> **ENTRIES PROVIDED**:
________
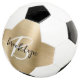 Dieser personalisierte Fußball ist mit einem Monogramm und einem Vornamen in modernem Schwarz-Weiß-Drehbuch auf einem vergoldeten goldgelb gebürsteten Metall-Hintergrund ausgestattet.
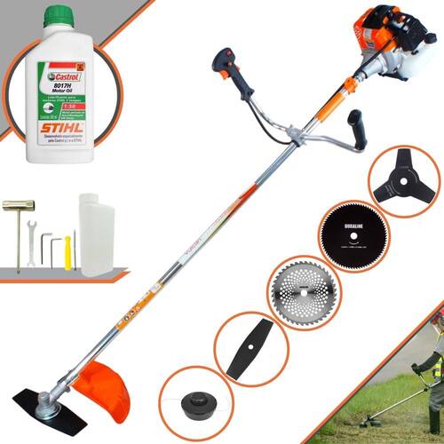 Roçadeira Lateral Vulcan VR430S À Gasolina 2 Tempos 43cc 1,7HP + Faca 3 Pontas 255mm 2,9mm + Faca 40 Dentes 255mm 2mm + Faca 80 Dentes 255mm 2mm + Óleo CASTROL STIHL 500ml
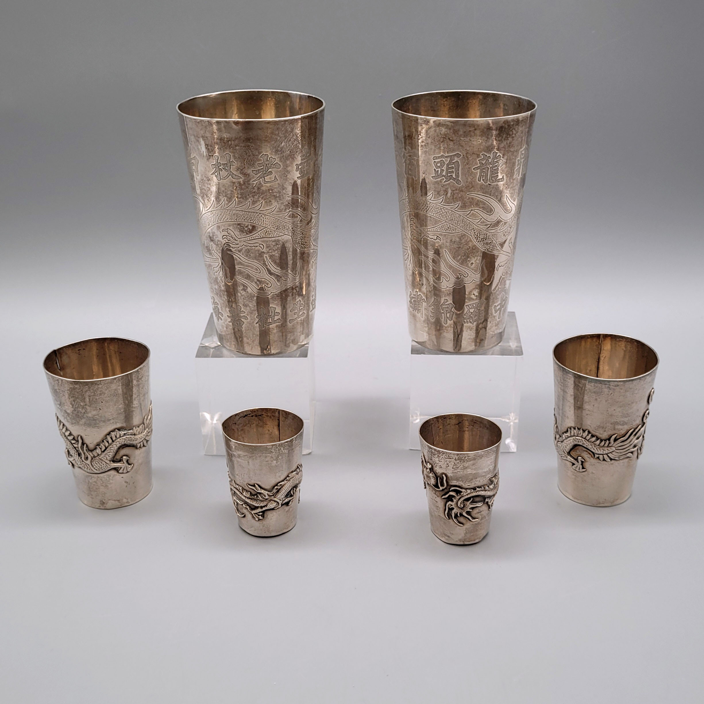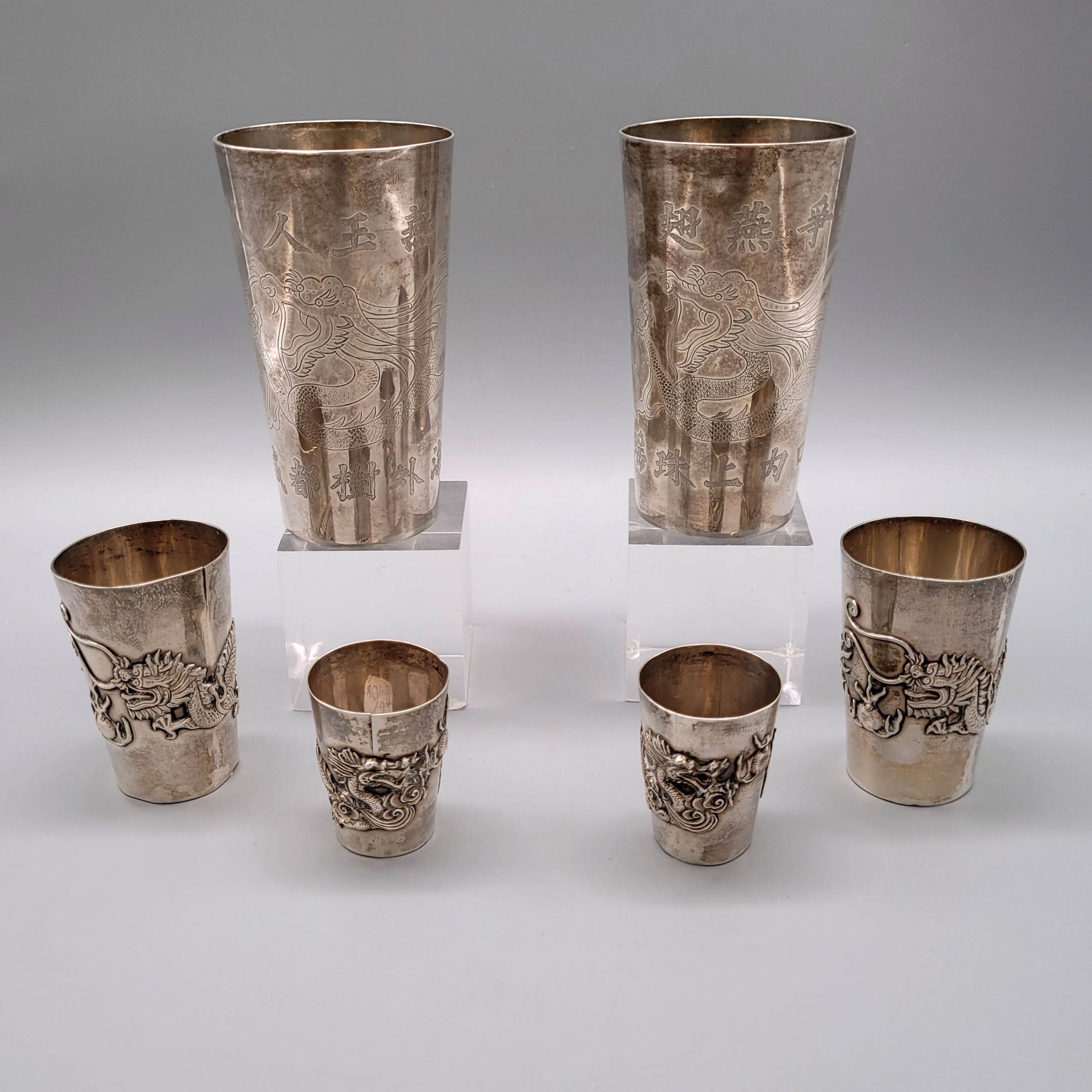 Sechs Becher mit DrachendekorSilber, bodenseitig gemarkt, insgesamt drei Paare, China, um 1900, Höhe bis zu 10 cm, Gewicht 265g (zwei Becher mit Riss, Gebrauchsspuren, kleine Dellen)
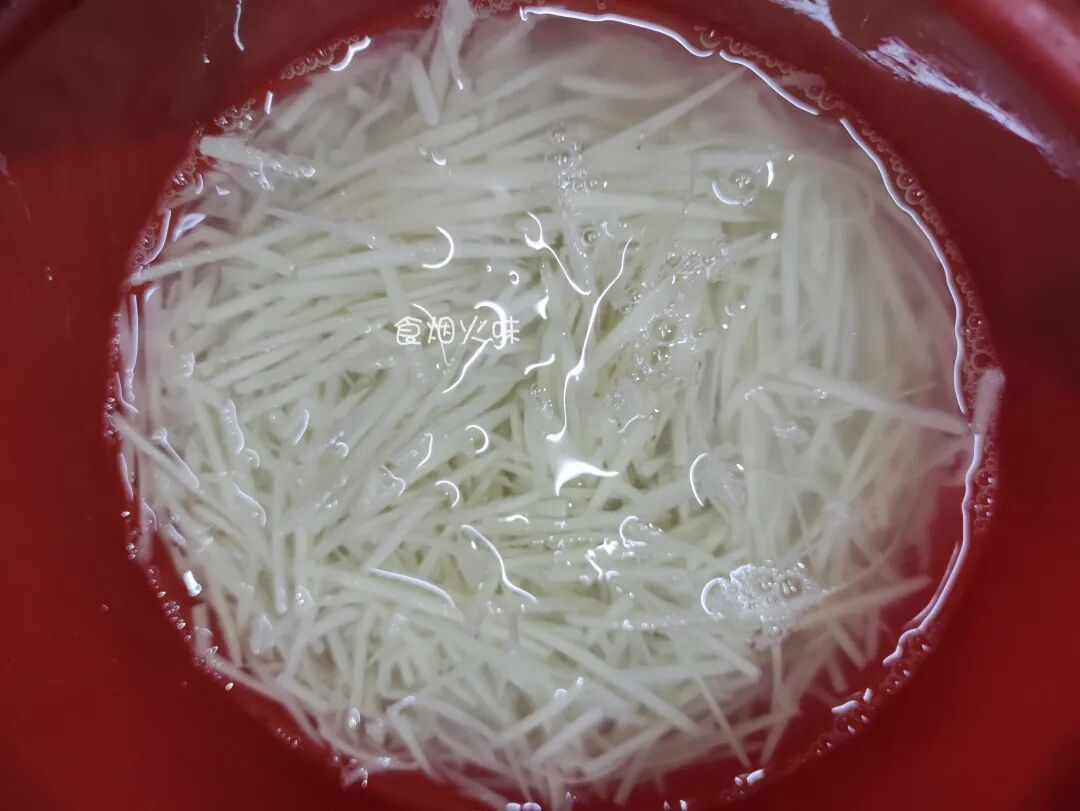 3.准备一个干净的锅,往里面加入适量的水,食用油,倒入洗净后的莲藕丝。莲藕在高中烧水1-2分钟,然后捞出来用冷水浸泡会儿,使其口感爽脆可口;
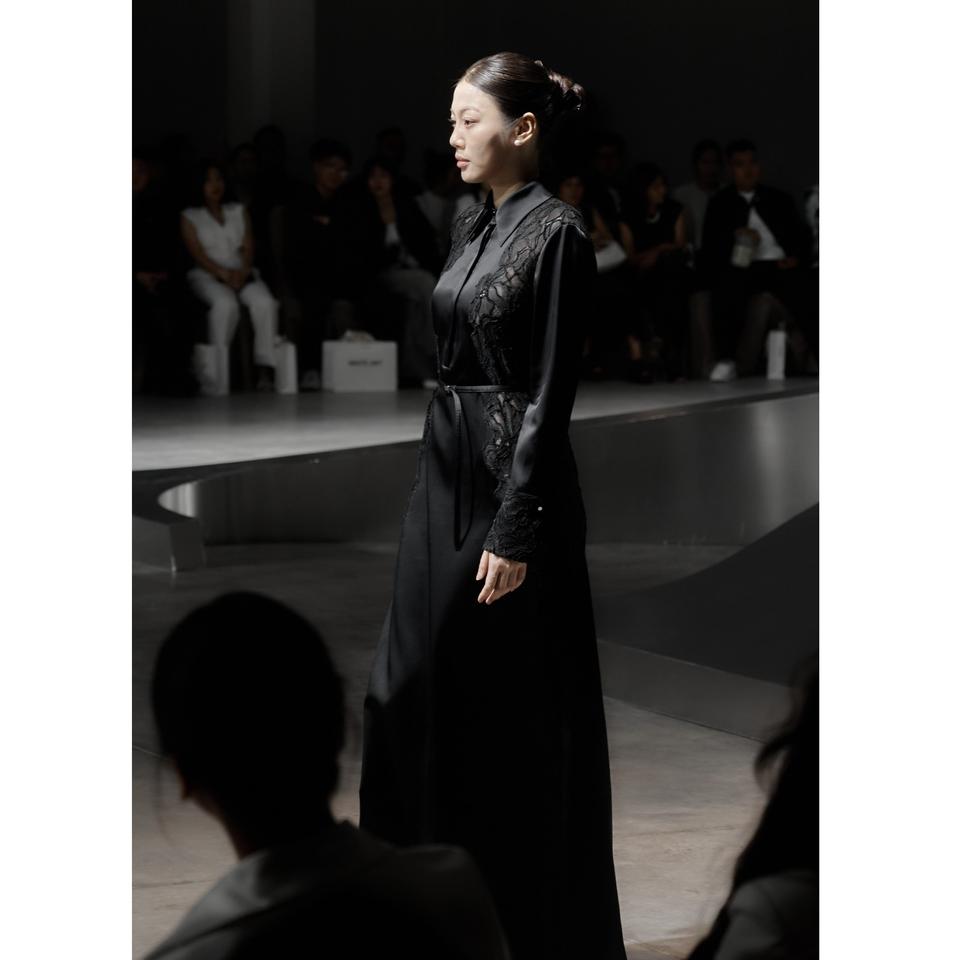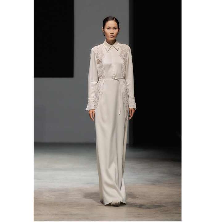เสื้อผ้าคุณภาพสูง ชุดเดรสหรูหรา ชุดเดรสปักประดับใหม่ ยาวคลุมพื้น 89% ไตรอะซิเตท 11% โพลีเอสเตอร์ เดรสคอปก
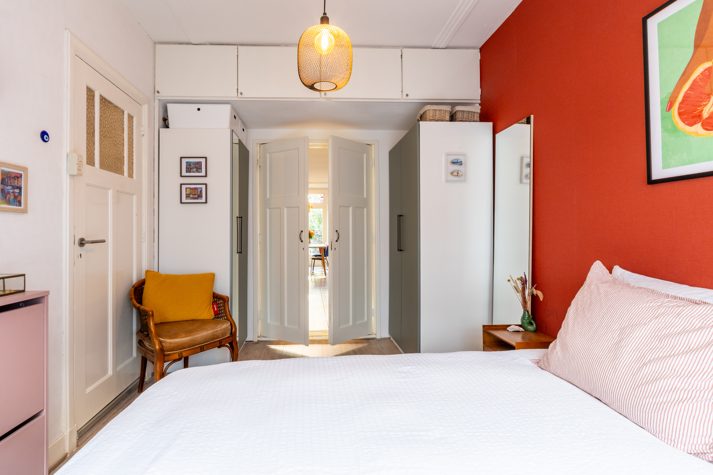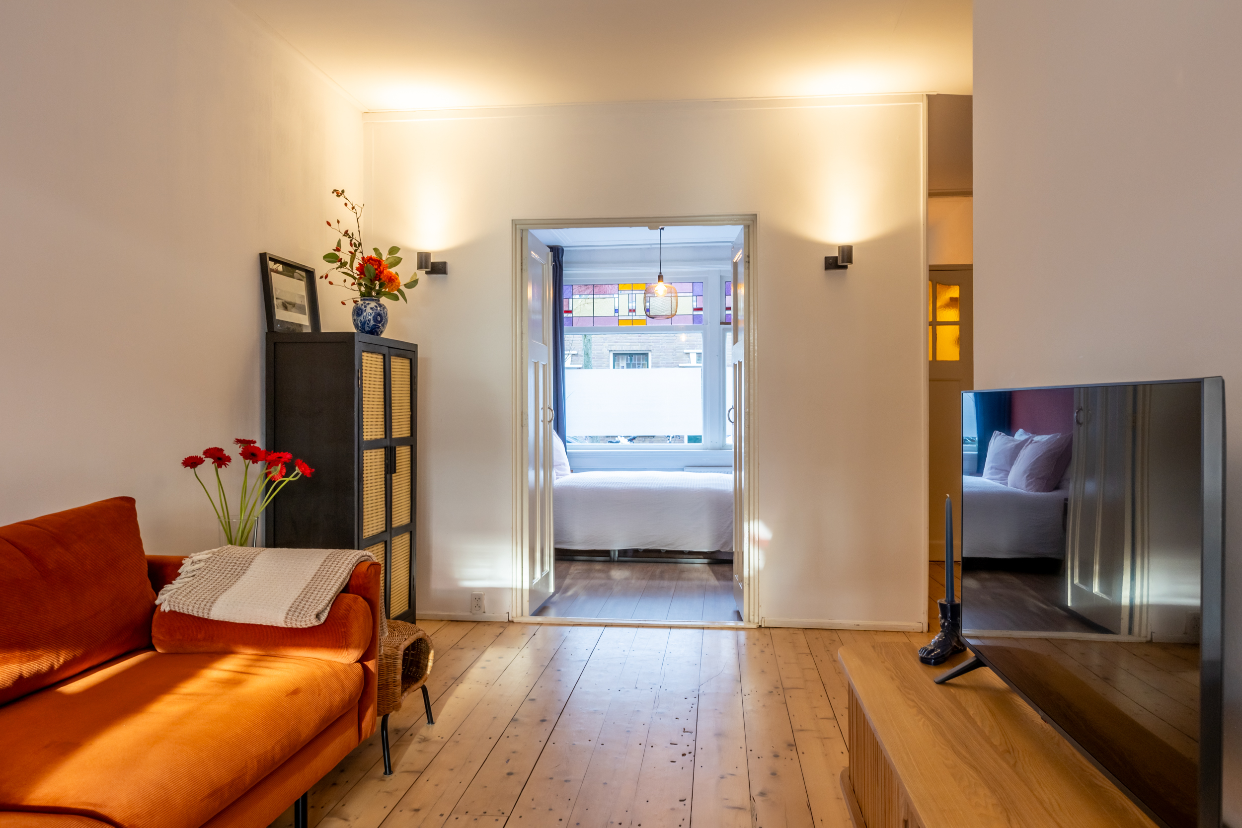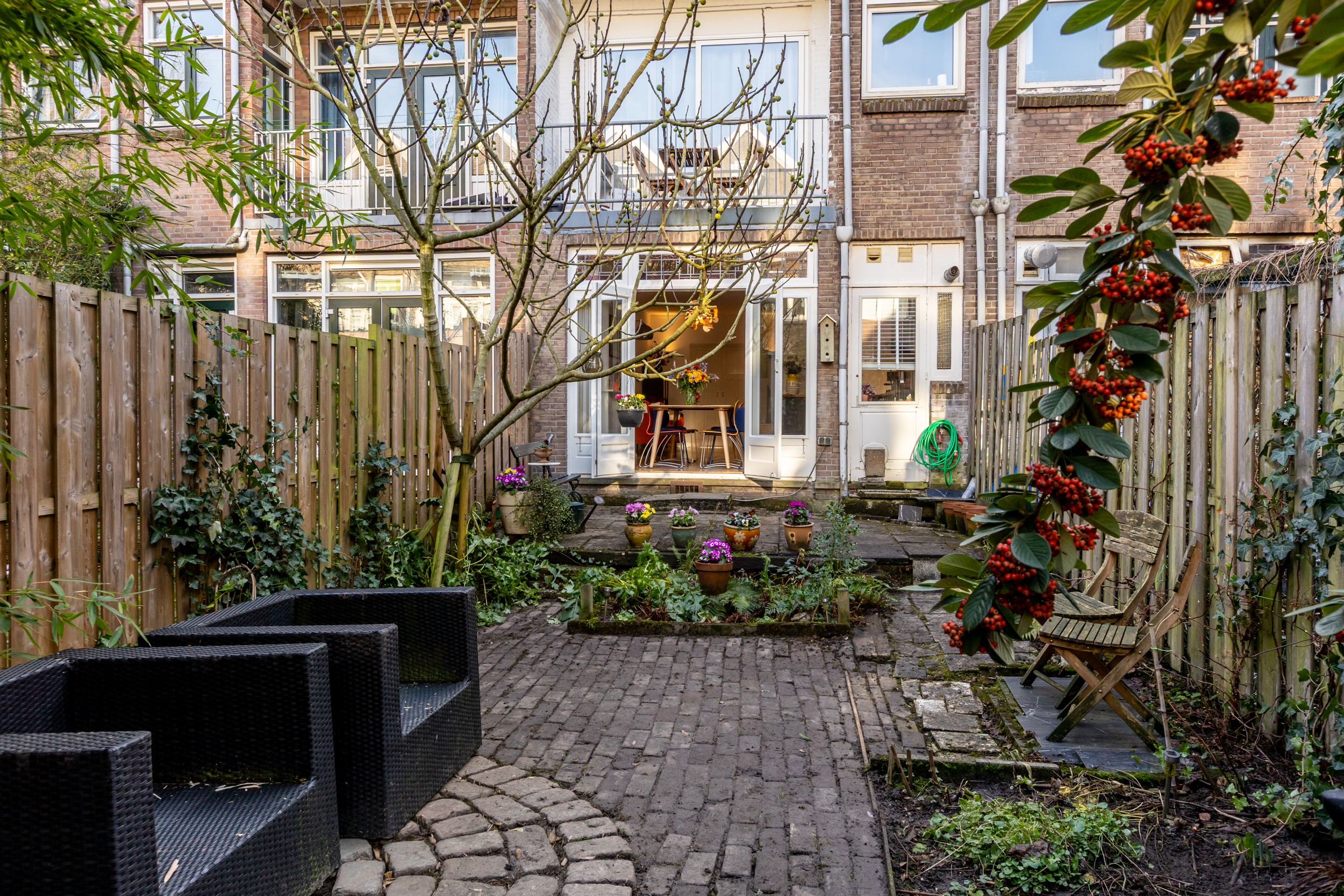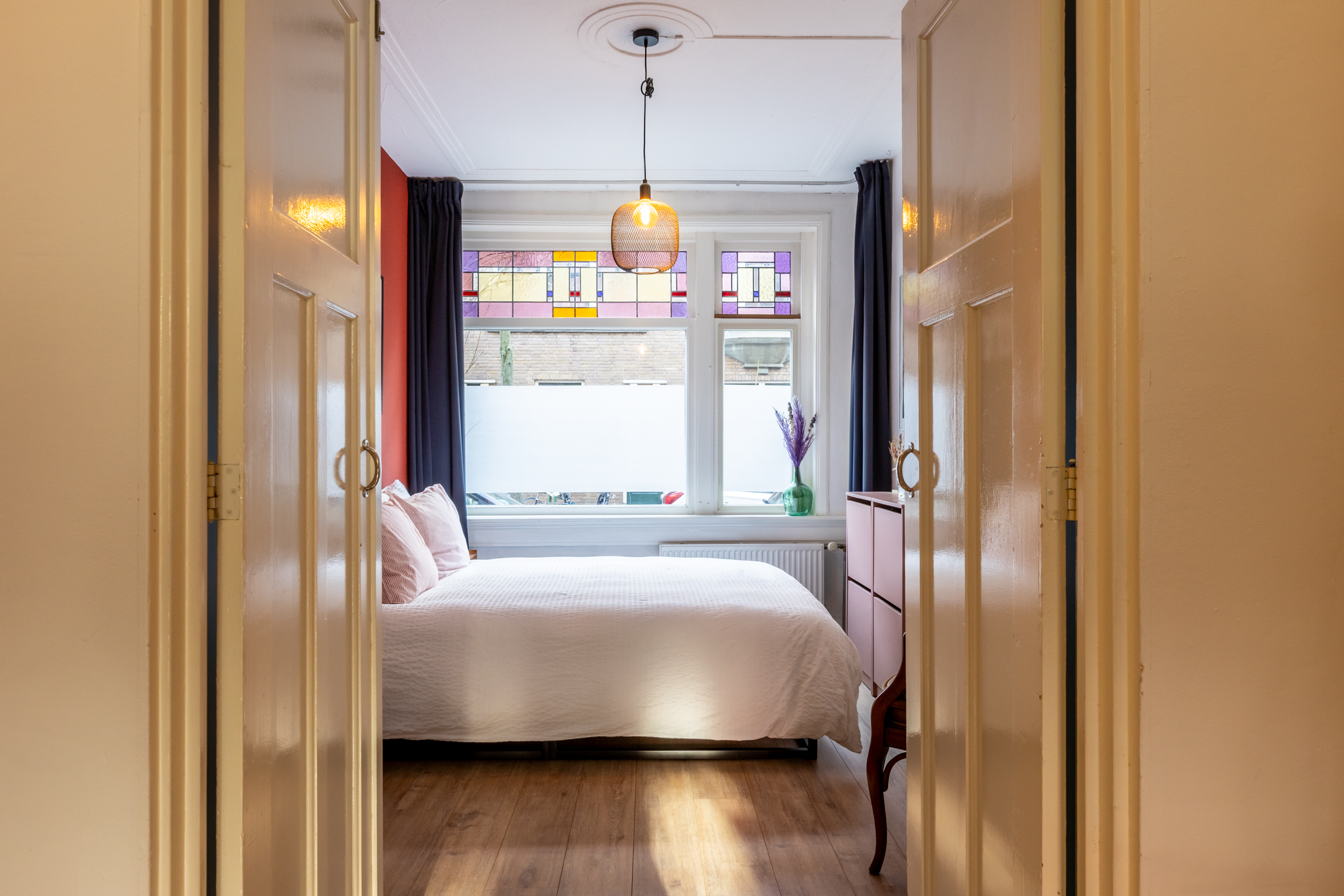 Dankzij de openslaande deuren met glas-in-lood stroomt het licht rijkelijk naar binnen en verbindt het binnen op natuurlijke wijze met buiten. De tuin op het noorden van circa 60 m2 is een echte groene oase midden in de stad. Of je nu geniet van een goed boek, een glas wijn of simpelweg de rust van het buiten zijn, deze tuin is een plek om te genieten.
________
> **PROBLEM TO WORK ON**: From the line that contains "3.准备一个干净的锅,往里面" to the last line of the data above, inclusive, transcribe every line exactly and only those lines, omitting pictures.

> **COMPLETED EXERCISE**:
 3.准备一个干净的锅,往里面加入适量的水,食用油,倒入洗净后的莲藕丝。莲藕在高中烧水1-2分钟,然后捞出来用冷水浸泡会儿,使其口感爽脆可口;
เสื้อผ้าคุณภาพสูง ชุดเดรสหรูหรา ชุดเดรสปักประดับใหม่ ยาวคลุมพื้น 89% ไตรอะซิเตท 11% โพลีเอสเตอร์ เดรสคอปก
 Dankzij de openslaande deuren met glas-in-lood stroomt het licht rijkelijk naar binnen en verbindt het binnen op natuurlijke wijze met buiten. De tuin op het noorden van circa 60 m2 is een echte groene oase midden in de stad. Of je nu geniet van een goed boek, een glas wijn of simpelweg de rust van het buiten zijn, deze tuin is een plek om te genieten.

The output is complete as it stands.